The couple rented a U-Haul, set up a bed in the back of their pick-up truck and headed east. “It was one of the more fun times we’ve driven across the country,” Megan adds. “We had to take what we could get, which meant we camped in interesting places we did not stay in previously. It was really fun.”

Megan spent a lot of time practising her loom weaving while living alone in the Alberta wilderness, as a wildfire lookout, for six months of the year.

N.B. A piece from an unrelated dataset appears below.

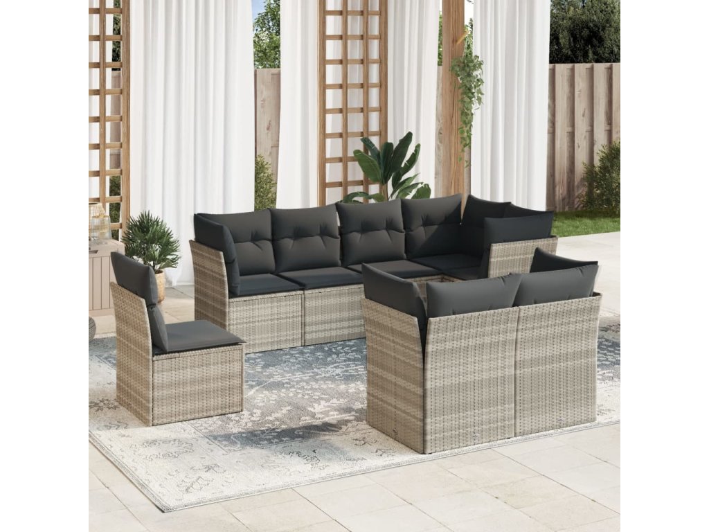 8dílná zahradní sedací souprava a podušky světle šedá polyratan 3217932
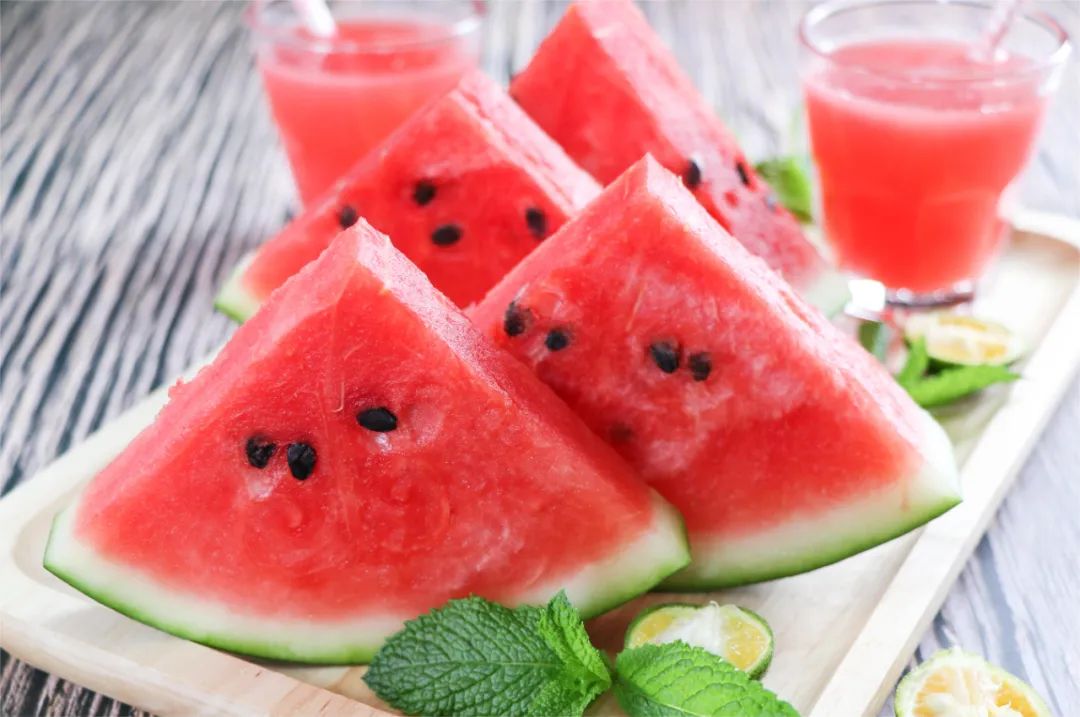 但我们还得把进食的量也需要考虑进去。我们通常说的GI值,是以食用50g可消化碳水化合物为标准来计算的。而西瓜里的含水量很高有90%左右,吃100g西瓜大概也就能吃进去7g左右的可消化碳水化合物,想要达到50g的标准,我们得先能吃进去一斤半的西瓜。

The textile artist is a member of Citizens of Craft, and Craft Council of Newfoundland and Labrador. Her work was recently featured at The Craft Council Gallery in St. John’s.

“My designs are simple and reflective on the natural world,” Megan explains. “When you look at patterning in the natural world, sometimes it is very intense and dynamic, but usually it is simple, repetitive patterns. It is pleasing because of that.”

Leftover cloth is used to make pin cushions, eye pillows, small bags, pillow shams and home goods. Thrums, short lengths of waste yarn leftover after woven cloth is cut off the loom, are repurposed as pillow stuffing, or in embroidery, mending and sample weaving. Megan also donates them to embroidery artists or people who sew by hand.

“Having a low environmental footprint is important to my work,” she says. “If you are making anything, you are contributing somehow to extracting a resource. I reframe it as contributing back and making something with its own life.

“My intent is to integrate usefulness, beauty, tradition and a sense of shelter in a living cloth; craft that is meant to bring comfort and joy through the generations of families they belong to, changing along the way, maturing and developing a life of their own. Live textiles.”

Megan and partner, Ash Hall, operate Katalisk (gah-dal-lisg) Sipu (seebu) Gardens, a mixed mini farm and wildcrafted apothecary focused on self-care goods, soaps, herbs, tinctures and other wildcrafted herbal remedies, produce, cut flowers, honey and beeswax items. Katalisk Sipu is the Mi’kmaq name for the Grand Codroy River, translating loosely to Unbraiding River. In Alberta, Megan worked with a beekeeping mentor and developed organic gardens.

Since moving to Codroy Valley, the couple has organized Makers and Gardeners Markets, as well as bulk organic food purchasing through Speerville Flour Mill. Plans for 2021 include building a new studio and greenhouse. Megan envisions hosting an artist-inresidence. “We will sponsor the artist with food, studio tools, space and lodging, whether they are developing a body of work, learning to weave, exploring a technique or aesthetic,” she says.

The artist will be responsible for their own material but have access to looms, sewing machines, spinning wheels, knitting tools, dye garden and other necessities. Ideally, Megan would like to accept an artist from Newfoundland and Labrador, but will look outside the province if no one comes forward.

The artist will have the opportunity to show their work, give an artist talk or offer a workshop in Codroy Valley. “If they are interested, they can also work with our bees or in the gardens,” Megan says.